EXERCISE BRIEF:
Where a line below holds the string "vous", that line goes into the answer.

---+---

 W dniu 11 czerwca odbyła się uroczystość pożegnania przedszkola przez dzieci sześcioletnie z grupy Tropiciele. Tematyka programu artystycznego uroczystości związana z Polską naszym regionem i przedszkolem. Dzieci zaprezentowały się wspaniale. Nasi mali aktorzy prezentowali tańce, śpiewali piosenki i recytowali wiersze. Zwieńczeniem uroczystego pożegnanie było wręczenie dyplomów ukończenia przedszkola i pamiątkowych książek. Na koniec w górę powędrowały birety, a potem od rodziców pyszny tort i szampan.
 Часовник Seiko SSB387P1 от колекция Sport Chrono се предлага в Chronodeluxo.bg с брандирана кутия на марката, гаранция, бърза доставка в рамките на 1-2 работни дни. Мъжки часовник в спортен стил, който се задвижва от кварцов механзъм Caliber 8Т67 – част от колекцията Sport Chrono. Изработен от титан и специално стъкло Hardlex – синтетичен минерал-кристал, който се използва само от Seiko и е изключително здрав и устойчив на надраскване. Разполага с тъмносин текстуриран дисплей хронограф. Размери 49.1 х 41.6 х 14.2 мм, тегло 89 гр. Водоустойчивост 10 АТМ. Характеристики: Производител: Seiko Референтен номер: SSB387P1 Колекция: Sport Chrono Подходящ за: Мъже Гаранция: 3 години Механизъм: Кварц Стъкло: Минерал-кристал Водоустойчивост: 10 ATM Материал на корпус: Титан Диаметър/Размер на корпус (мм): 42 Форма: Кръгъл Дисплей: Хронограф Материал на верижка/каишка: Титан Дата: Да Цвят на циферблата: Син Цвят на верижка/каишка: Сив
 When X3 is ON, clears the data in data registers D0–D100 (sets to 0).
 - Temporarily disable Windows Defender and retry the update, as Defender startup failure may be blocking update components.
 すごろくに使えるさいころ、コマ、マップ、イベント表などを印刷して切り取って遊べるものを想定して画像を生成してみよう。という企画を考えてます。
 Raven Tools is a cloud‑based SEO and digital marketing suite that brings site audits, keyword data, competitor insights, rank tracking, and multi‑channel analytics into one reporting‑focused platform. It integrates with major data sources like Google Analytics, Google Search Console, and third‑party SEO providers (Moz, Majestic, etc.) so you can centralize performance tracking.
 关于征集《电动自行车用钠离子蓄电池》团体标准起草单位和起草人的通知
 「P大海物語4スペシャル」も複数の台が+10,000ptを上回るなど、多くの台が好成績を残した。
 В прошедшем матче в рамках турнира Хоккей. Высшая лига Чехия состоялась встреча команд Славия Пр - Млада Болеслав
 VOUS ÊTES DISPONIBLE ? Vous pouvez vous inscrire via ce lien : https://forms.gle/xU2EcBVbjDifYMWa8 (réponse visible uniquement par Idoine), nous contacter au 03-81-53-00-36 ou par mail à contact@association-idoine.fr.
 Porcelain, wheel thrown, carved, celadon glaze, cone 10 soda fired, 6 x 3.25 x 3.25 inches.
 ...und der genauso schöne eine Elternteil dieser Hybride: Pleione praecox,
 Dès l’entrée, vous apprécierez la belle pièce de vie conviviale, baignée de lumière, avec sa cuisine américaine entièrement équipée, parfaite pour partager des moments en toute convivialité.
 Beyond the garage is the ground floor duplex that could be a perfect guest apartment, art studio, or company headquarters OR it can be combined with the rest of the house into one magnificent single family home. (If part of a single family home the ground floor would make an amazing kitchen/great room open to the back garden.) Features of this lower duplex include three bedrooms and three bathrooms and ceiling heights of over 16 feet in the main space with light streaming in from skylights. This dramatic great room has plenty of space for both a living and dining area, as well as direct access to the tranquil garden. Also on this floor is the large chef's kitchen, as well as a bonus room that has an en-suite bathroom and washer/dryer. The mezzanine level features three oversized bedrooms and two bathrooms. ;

---+---

RESULT OF THIS TASK:
 VOUS ÊTES DISPONIBLE ? Vous pouvez vous inscrire via ce lien : https://forms.gle/xU2EcBVbjDifYMWa8 (réponse visible uniquement par Idoine), nous contacter au 03-81-53-00-36 ou par mail à contact@association-idoine.fr.
 Dès l’entrée, vous apprécierez la belle pièce de vie conviviale, baignée de lumière, avec sa cuisine américaine entièrement équipée, parfaite pour partager des moments en toute convivialité.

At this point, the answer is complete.